Here are the generations between Sarah and me:

Sarah Hood Bassett, born 1657, died 1721

Her daughter, Ruth Bassett Allen, born 1690, died 1756

Her daughter, Ruth Allen Breed, born 1724, died 1811

Her son, Abraham Breed, born 1752, died 1831

His daughter, Eunice Breed Thompson, born 1788, died 1869

Her son, William Dimond Thompson, Jr., born 1823, died 1911

His daughter, Lydia Ann Thompson Keene, born 1850, died 1938

Her son, Charles Lawrence Keene, Sr., (the mariner) born 1883, died 1959

His son, Charles Lawrence Keene, Jr., born 1919, died 1996

…and then me.

When Sarah was 35, and the mother of six children, she was brought from Lynn for trial in Salem May 23, 1692. A servant girl in her brother-in-law’s household had accused her of giving her an “ointment.” She was immediately convicted and sent to the Boston jail, taking with her her little 2-year old, Ruth.

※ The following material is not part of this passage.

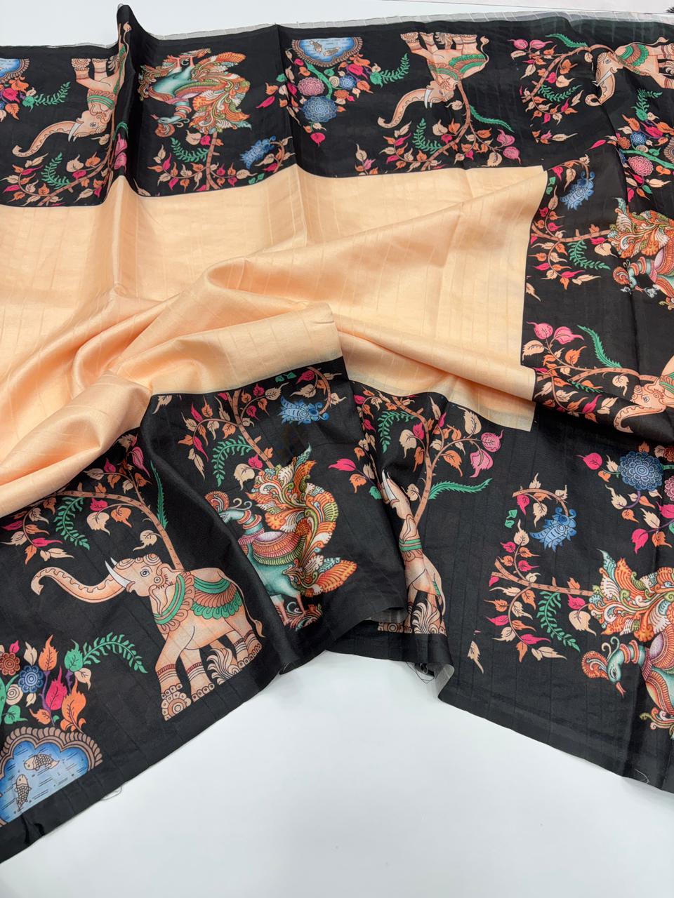 Saree Work : kalamkari digital print comes with tussle on pallu

She was jailed with her brother-in-law, Richard Proctor, and his wife, Elizabeth, who were both sentenced to hang. Both Elizabeth and Sarah were pregnant. Richard was sent to his death in August, but Elizabeth’s sentence was postponed until after her baby was born.

However, during Sarah’s 7-month imprisonment, the hysteria calmed down and cooler heads began to prevail. Sarah was released December 3, 1692, and her son, Joseph, was born two weeks later. She had a daughter in August 1695 and named her Deliverance. Appropriate, I think.

Sarah was later paid £9 in recompense.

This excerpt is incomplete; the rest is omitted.